Stored records
───

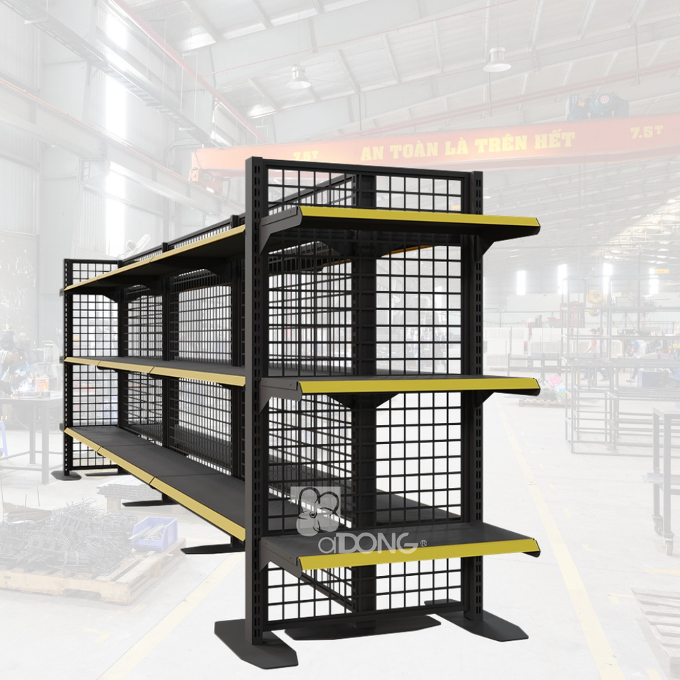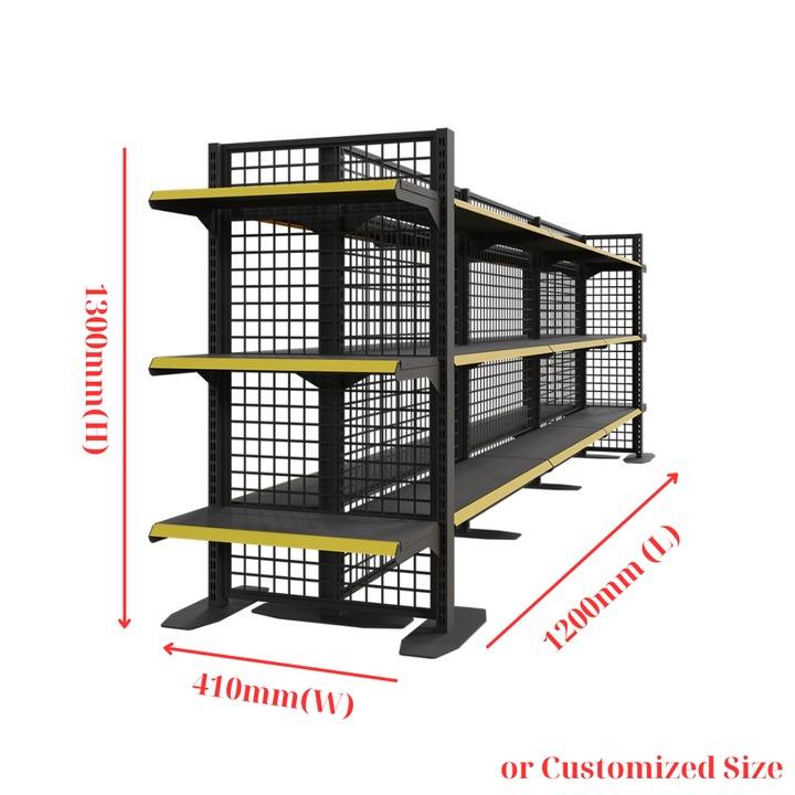 Shelf Type:product display, Double-Sided Wire Grid Gondola Shelf, Heavy-duty Metal Store Shelf, Wire Mesh Gondola Display, Freestanding Retail Display Shelf
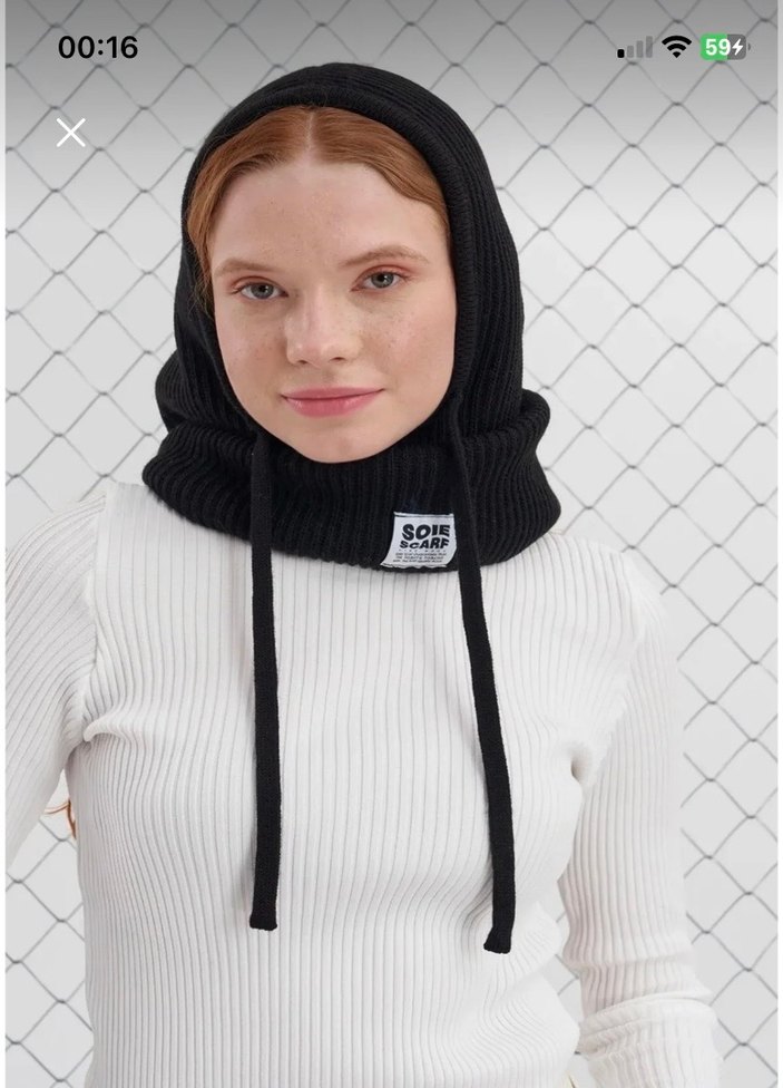 Siyah örgüden yapılmış, rahat ve sokak stiliyle uyumlu kadın bere. 'SOIE SCARF' etiketine sahiptir.
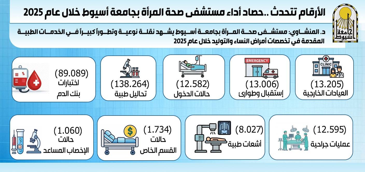 وأوضح رئيس جامعة أسيوط، أن مستشفى صحة المرأة الجامعي استقبل خلال عام 2025 عدد (13.205) حالة بالعيادات الخارجية، إلى جانب (13.006) حالة بقسم الاستقبال والطوارئ، فيما سجل المستشفى (12.582) حالة دخول، كما بلغ عدد المترددين من مختلف المحافظات المصرية والدول العربية (12.592) حالة، وهو ما يعكس تميز المستشفى في تقديم الرعاية الطبية المتكاملة للحالات الحرجة والدقيقة في تخصصات أمراض النساء والتوليد، وجراحات المناظير، وأمراض الأجنة.
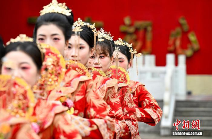 图为婚礼现场,新娘们用团扇遮面。郭传伍 摄
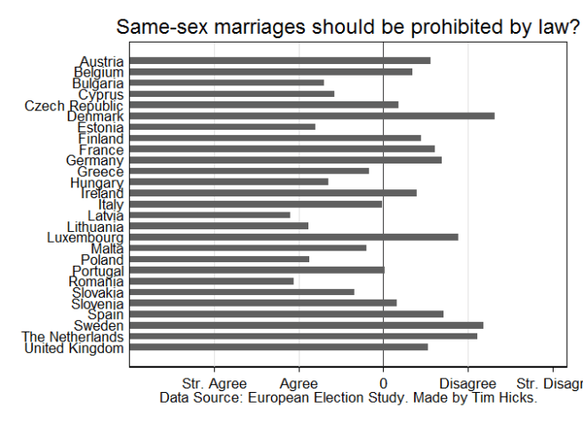 I was just working on the European Election Study data from 2009 (for wholly unrelated reasons). It turns out they asked respondents to indicate whether they agree or disagree with the statement, “Same-sex marriages should be prohibited by law”. Some very quick code with Stata yielded the following figure.
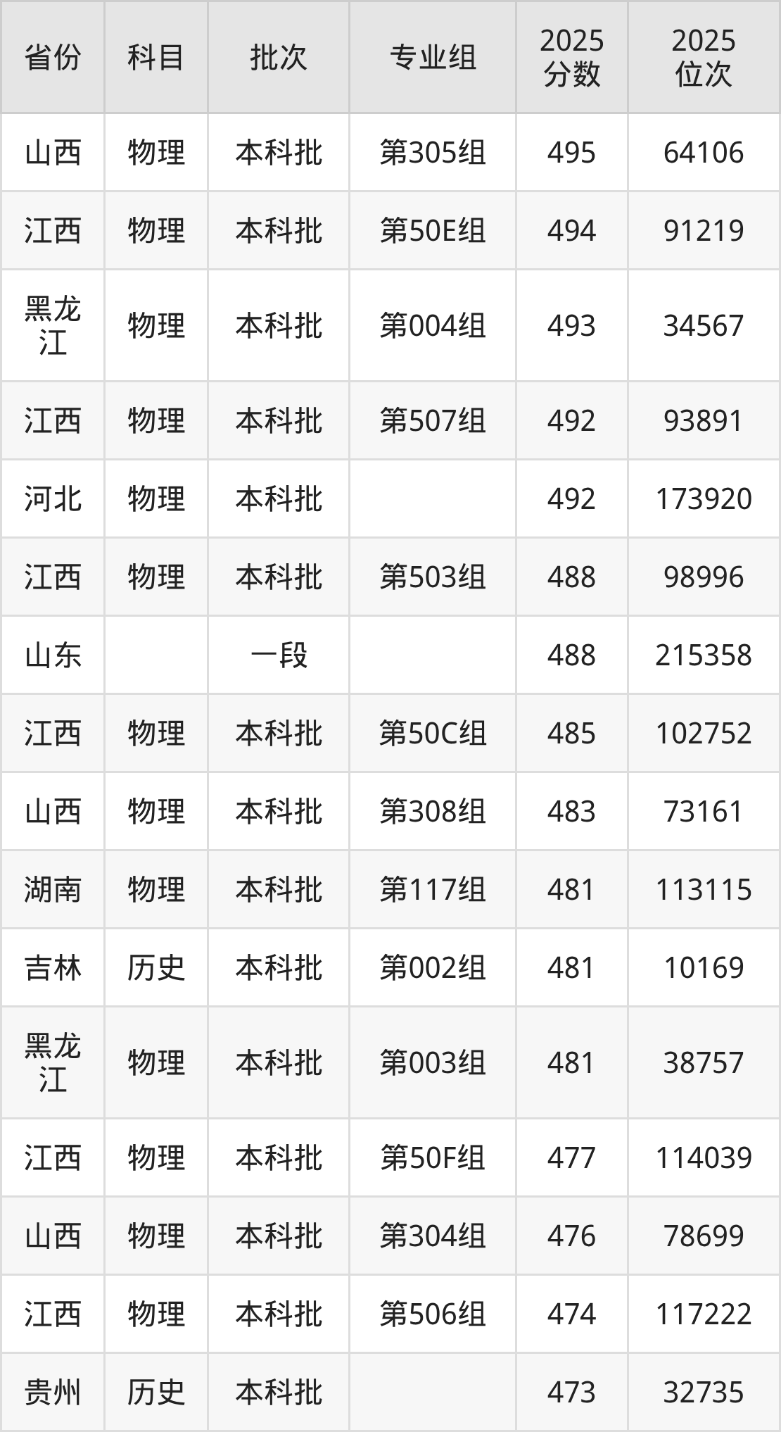 参考2025年山东省高考招录数据,按照分数线从高到低依次为大家展示贵州师范大学各个专业录取分数线。
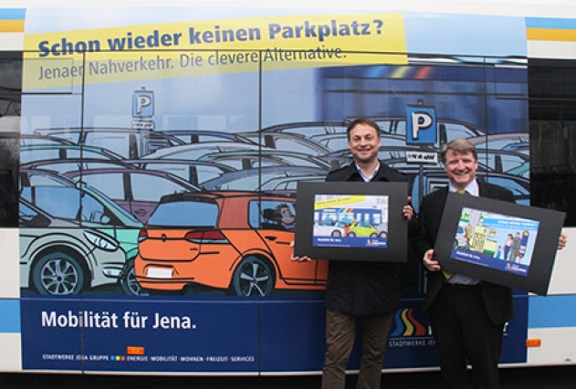 Jena. Die neue Marketingkampagne des Jenaer Nahverkehrs startete mit unterhaltsamen Motiven im Stadtgebiet, die zum Schmunzeln a nregen. Jena. Die neue Marketingkampagne des Jenaer Nahverkehrs startete mit unterhaltsamen Motiven im Stadtgebiet, die zum Schmunzeln a nregen. Die neue Marketingkampagne des Jenaer Nahverkehrs startete mit unterhaltsamen Motiven im Stadtgebiet, die zum Schmunzeln a nregen.
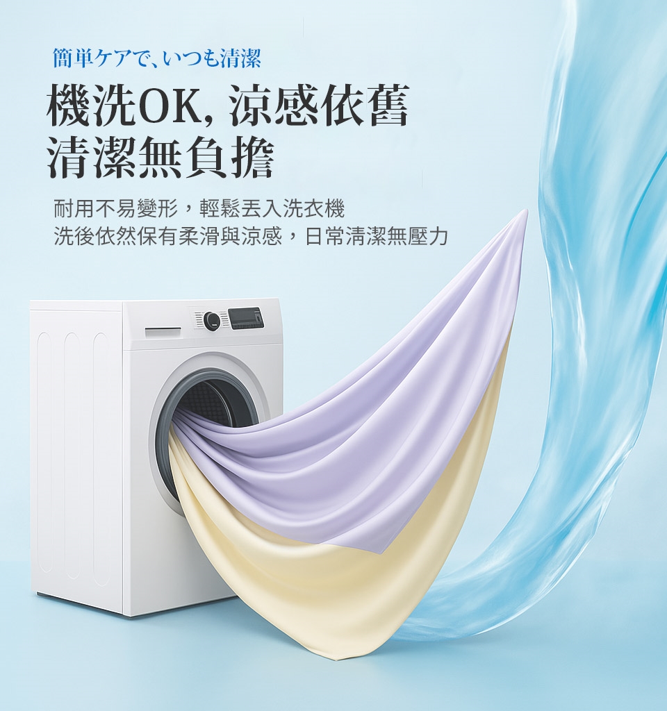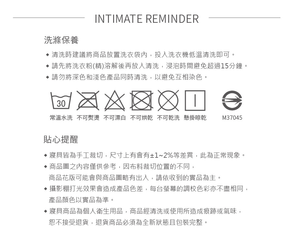 可水洗/不可烘乾/不可漂白/勿使用強力漂白清潔劑/浸泡時間請勿超過20分鐘/建議可放入大型洗衣袋後再清洗(因深色布料請勿使用含漂白劑之洗劑,盡量避免浸泡,深淺色寢具請分開清洗)
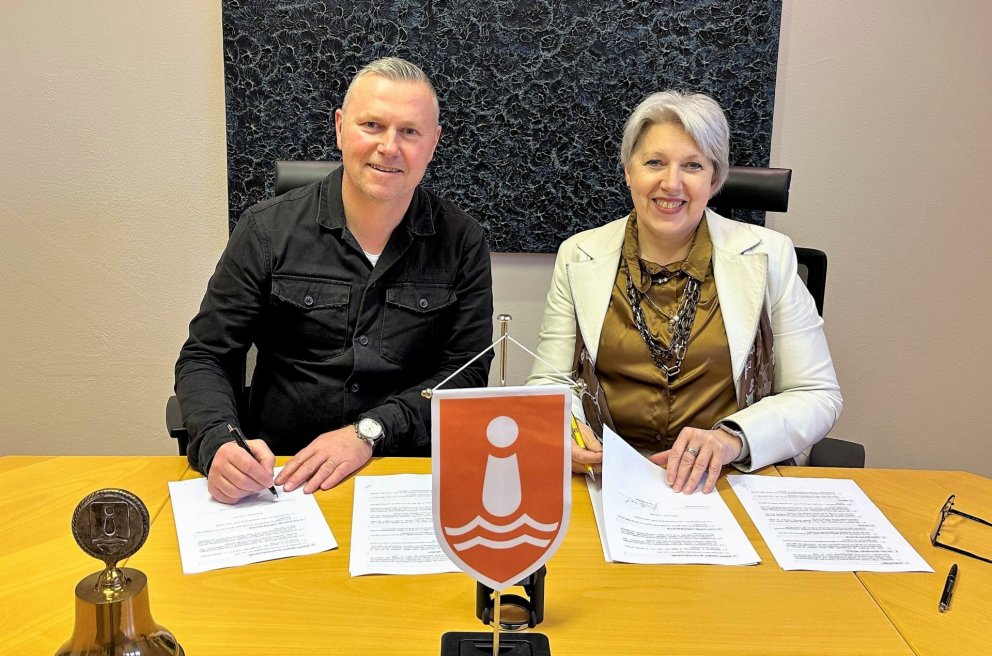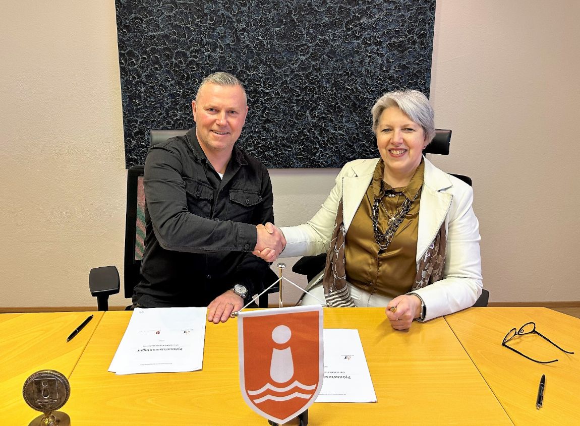 Þór og Þóra handsala þjónustusamninginn á milli Seltjarnarnesbæjar og Ás styrktarfélags.
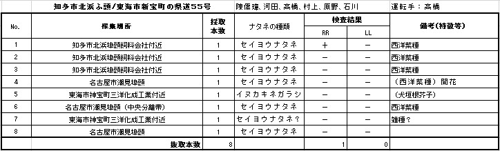 今回も東海市神宝町三洋化成工業付近で、雑種を思わせるナタネを確認しました(検体Nо.7GM陰性)。このポイント付近では、
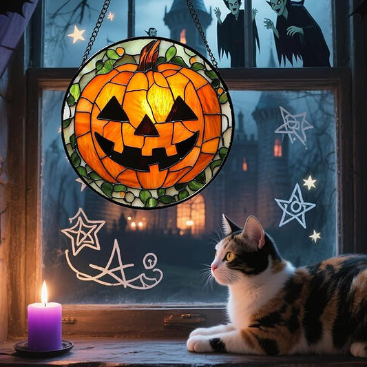 Stained Glass Window Hanging, Halloween Decorations Evil Pumpkin Suncatcher for Doors Garden Indoor Spooky Funny Orange Sun Catchers Gothic Decor Horror Gifts for Women Men Friend 9.8 in
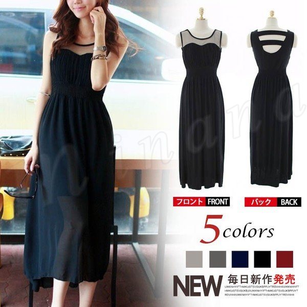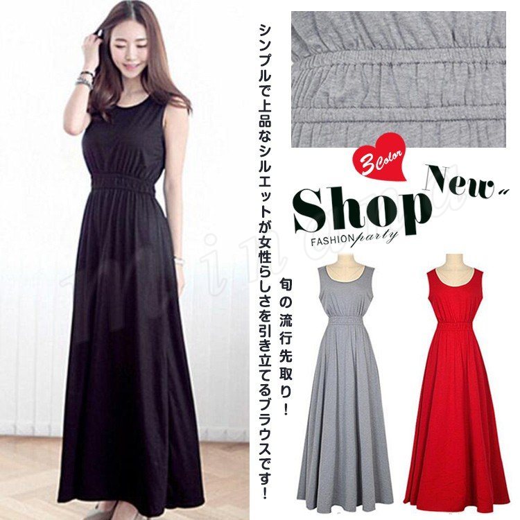 マキシワンピースロング丈モダールワンピワンピース無地エレンガントノースリーブロング丈ワンピースキレイめ2017春新作
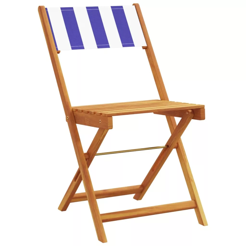 2 db kék és fehér tömör akácfa és szövet bisztrószék
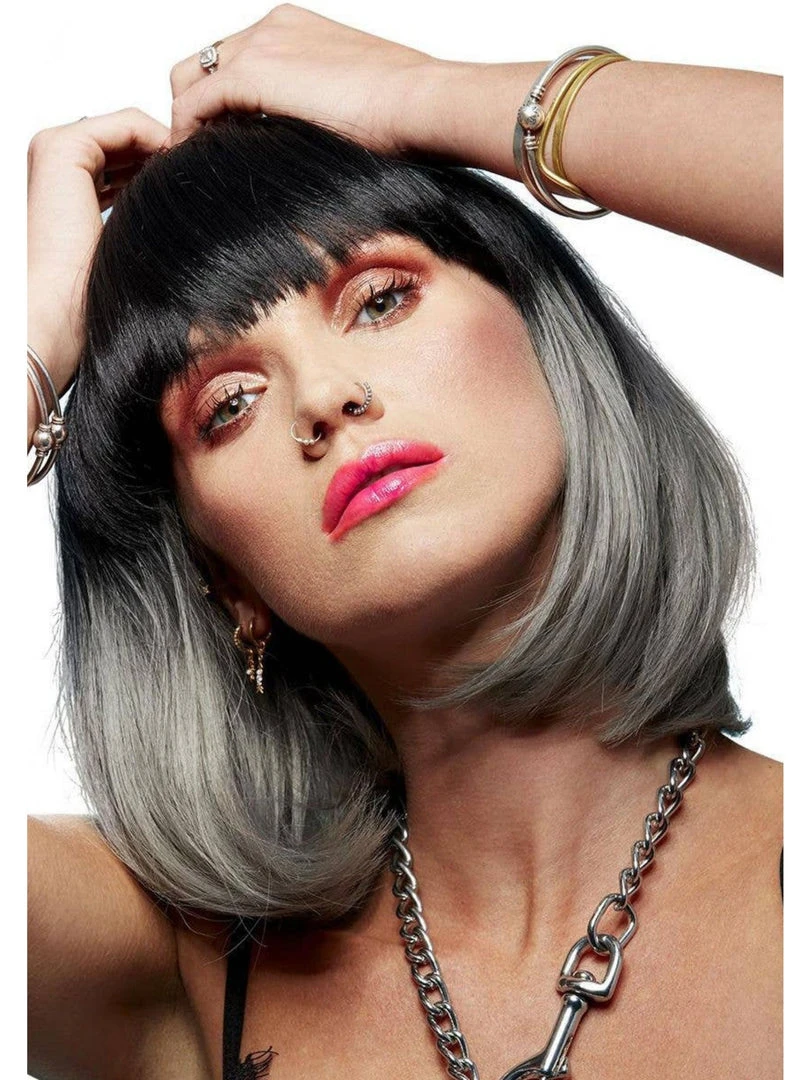 - This 30cm ombre wig is a straight bob cut with black roots and grey ends.
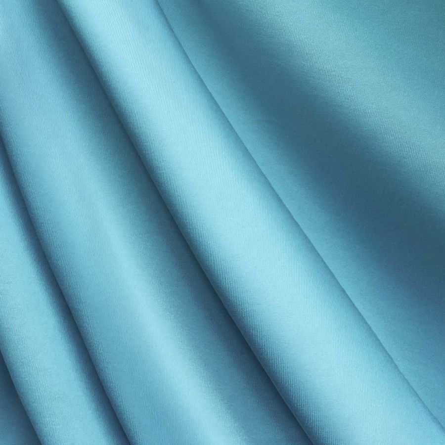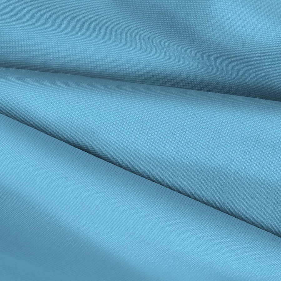 Esta es la tela Lycra de Poliéster - Nairobi de 270 gr/m2 de color azul claro impreso con un CMYK de 55 3 0 0. El color secundario es luminoso y vibrante, evocando un ambiente fresco y relajado. Se combina bien con tonos neutros y pasteles que complementan su suavidad.
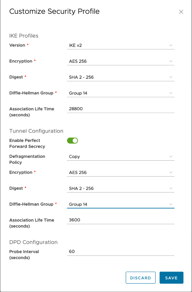 Adjust the following values for both the IKE profiles and the tunnel configuration.:
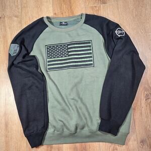 OHT Green Black USA Flag Sweater Adult L Military Veterans Army Embroidered Logo
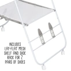 - Includes lay-flat mesh shelf and shoe rack for 2 pairs of shoes

───

### EXERCISE REQUIREMENTS
Beginning at the line with "2 db kék és", reproduce each line exactly through the last line of the records above, with pictures left out.

### RESULT FOR THIS TASK
 2 db kék és fehér tömör akácfa és szövet bisztrószék
 - This 30cm ombre wig is a straight bob cut with black roots and grey ends.
 Esta es la tela Lycra de Poliéster - Nairobi de 270 gr/m2 de color azul claro impreso con un CMYK de 55 3 0 0. El color secundario es luminoso y vibrante, evocando un ambiente fresco y relajado. Se combina bien con tonos neutros y pasteles que complementan su suavidad.
 Adjust the following values for both the IKE profiles and the tunnel configuration.:
 OHT Green Black USA Flag Sweater Adult L Military Veterans Army Embroidered Logo
 - Includes lay-flat mesh shelf and shoe rack for 2 pairs of shoes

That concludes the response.